November 11, 2002
Baptists take opposing sides in Utah free-speech case
___By Robert Marus
___ABP Washington Bureau
___SALT LAKE CITY (ABP)--A city block at the center of the Mormon universe now stands at the center of a legal dispute pitting claims of religious liberty against the freedom of speech.
___A three-judge panel of the 10th U.S. Circuit Court of Appeals has ruled that Salt Lake City officials violated the First Amendment by selling a section of a downtown street to the Church of Jesus Christ of Latter-day Saints for use as a religious park. Terms of the sale said the area would remain accessible to the public but allowed church officials to regulate speech, such as distribution of anti-Mormon literature, on the site.
___The case could go all the way to the U.S. Supreme Court. It has created strange bedfellows. A Southern Baptist minister and the American Civil Liberties Union join on one side, saying the sale terms violate free speech. A Baptist state convention joins the Mormons on the other, contending that churches have the right to remove protesters from their property.
___The pedestrian plaza formerly was a block of Salt Lake City's Main Street that divided the church's main administration complex from the historic Mormon Temple and other religious sites. The city sold the block to the church in 1999. Today it is a pedestrian plaza featuring religious statues, plants, benches and a reflecting pool.
___An easement retained by the city, however, allowed the general public access to the site after the sale.
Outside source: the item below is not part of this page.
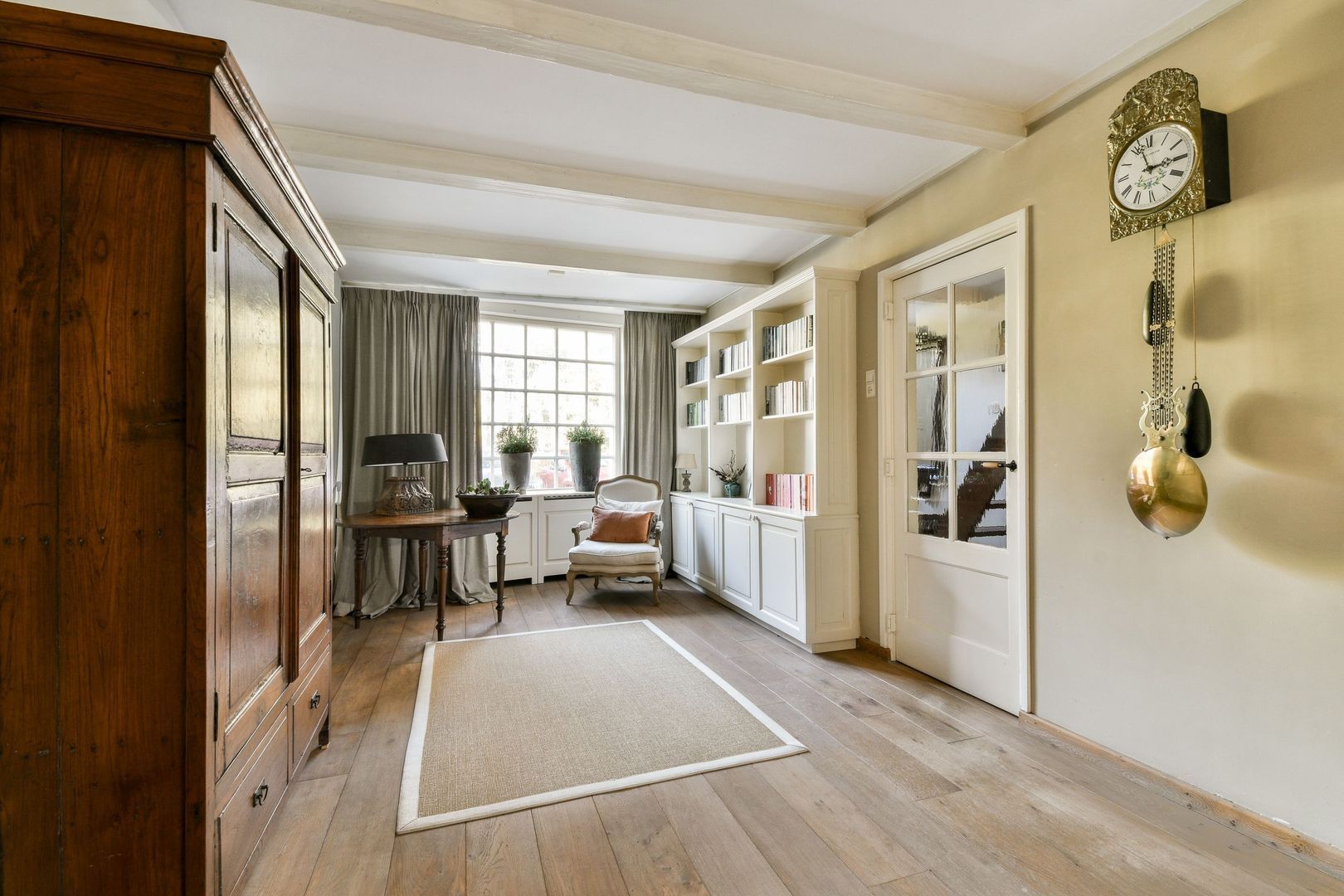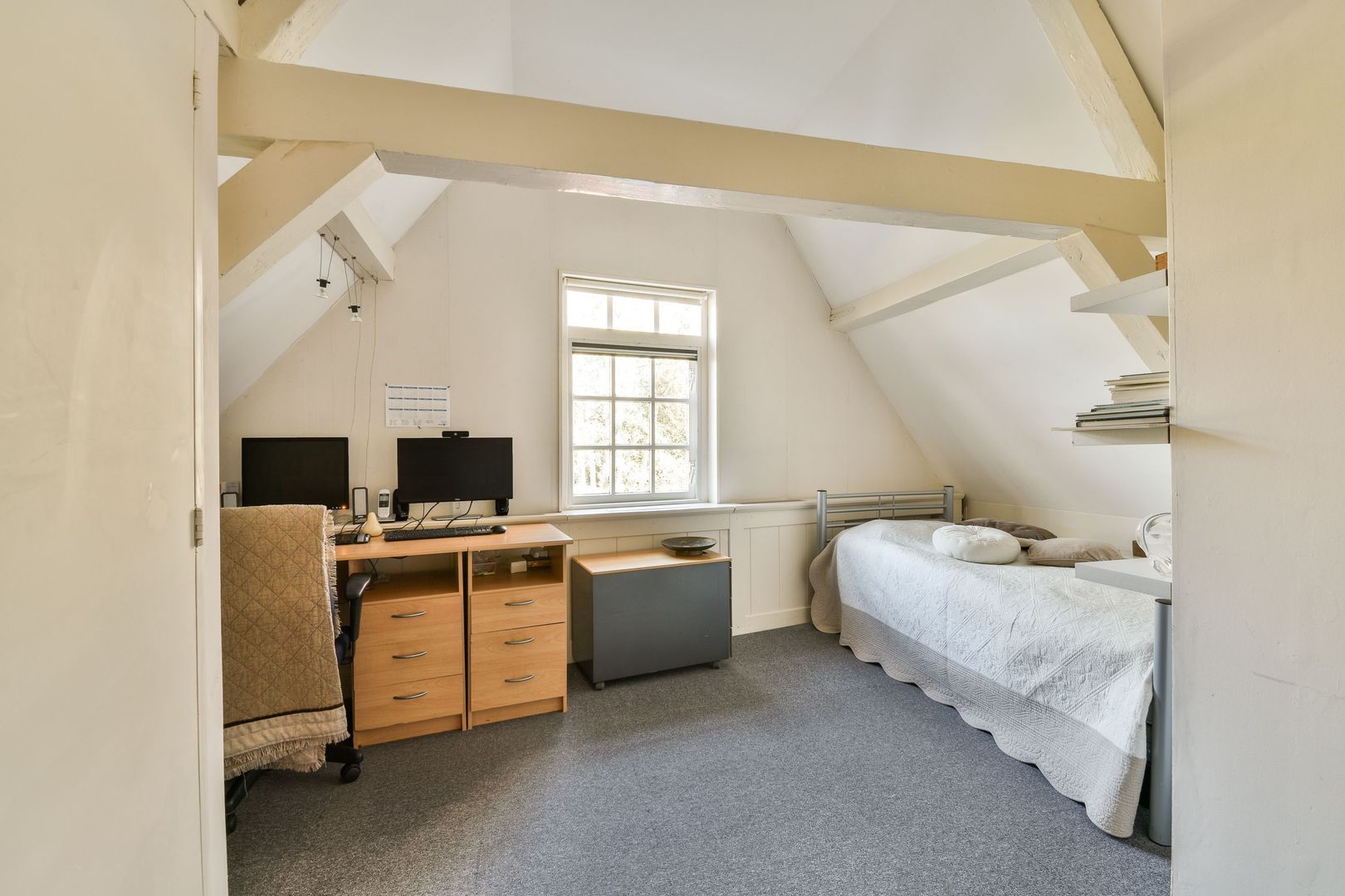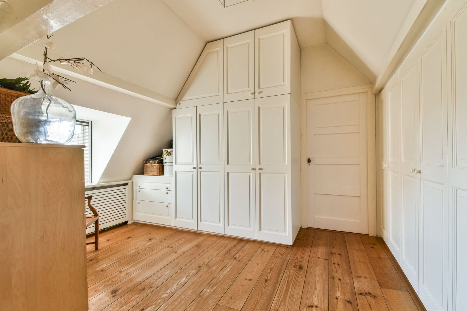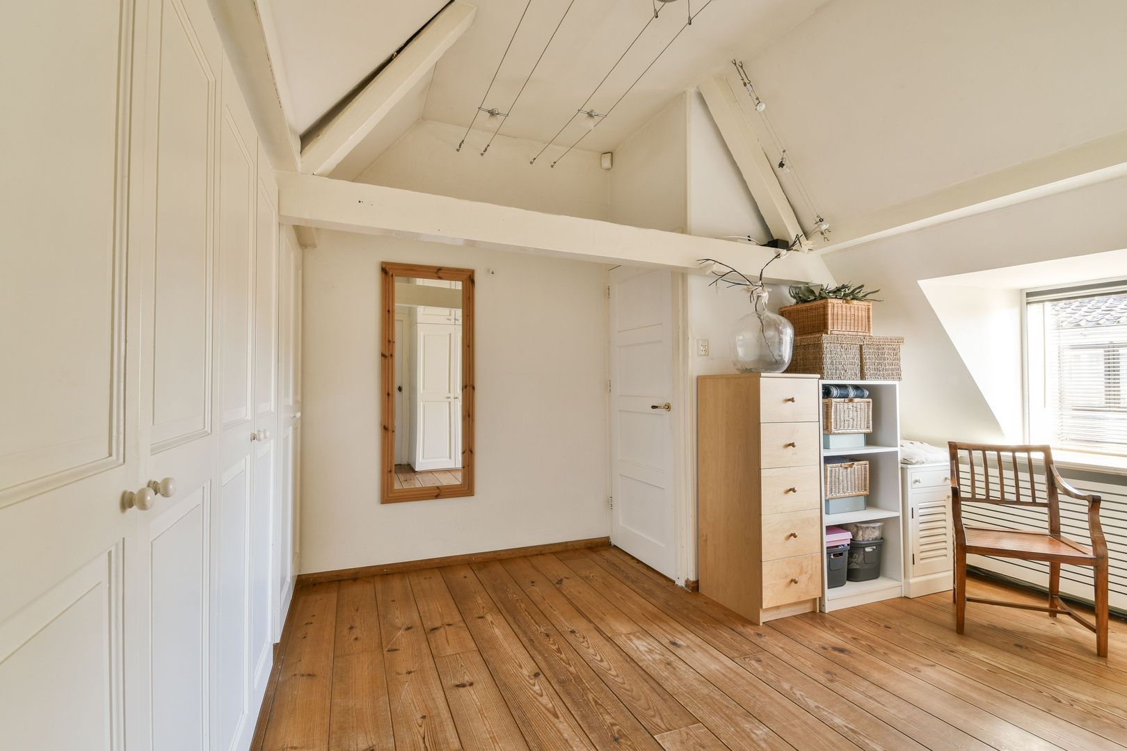 Tussenkamer van 19 m², te gebruiken als slaapkamer of als studeer- of zitkamer, met veel bergruimte in inbouwkasten, waaronder een kamerbrede kast. Houten vloer en dakkapel.

When city officials and church officials later drew up the official deed, they added language clarifying that public access did not include making the site a forum for free speech.
___But the 10th Circuit panel ruled in October that parts of the plaza that were once city sidewalks remain a "traditional public forum" for speech.
___"The purpose of the easement is to provide a pedestrian throughway that is part of the city's transportation grid, and in this respect it is identical to the purpose the sidewalks along that portion of Main Street previously served," the judges said.
___But the Mormon Church, which owned the land before the city obtained an easement in the first place, said the plaza no longer resembles a city street and therefore is not a public forum.
___Fifteen religious groups filed a friend-of-the-court brief supporting the Mormons' claim. They include the Colorado Baptist General Convention, the United Methodist Church and the Islamic Society of Colorado Springs.
___The brief says the three-judge panel's ruling endangers religious liberty because it opens the door to forcing churches to open their private property "for antagonistic demonstrations and marches."
___That is misdirected concern, Southern Baptist minister Kurt Van Gorden said in a telephone interview from his home in Victorville, Calif.
___A leader in a 104-year-old ministry called the Utah Gospel Mission, Van Gorden was arrested twice in April for passing out Christian literature on the plaza. He said LDS security guards first arrested and detained him and then turned him over to the custody of the Salt Lake City police. He was released on bail, and the church later dropped trespassing charges.
___"The Utah Gospel Mission, as a mission organization, as well as other mission groups, have used that section of Main Street to pass out gospel literature," Van Gorden said. "The city recognized that that was a public forum for over 150 years."
___The judges agreed with Van Gorden, saying the city could not delegate to the church in a public easement the power to restrict speech in a way that discriminates against non-Mormon viewpoints.
___But attorneys for the LDS church have asked for the full 10th Circuit Court to review the case because of its First Amendment implications. Among other things, the church argues that allowing the city to control a plaza filled with religious imagery could be viewed as establishment of religion, which is banned in the First Amendment.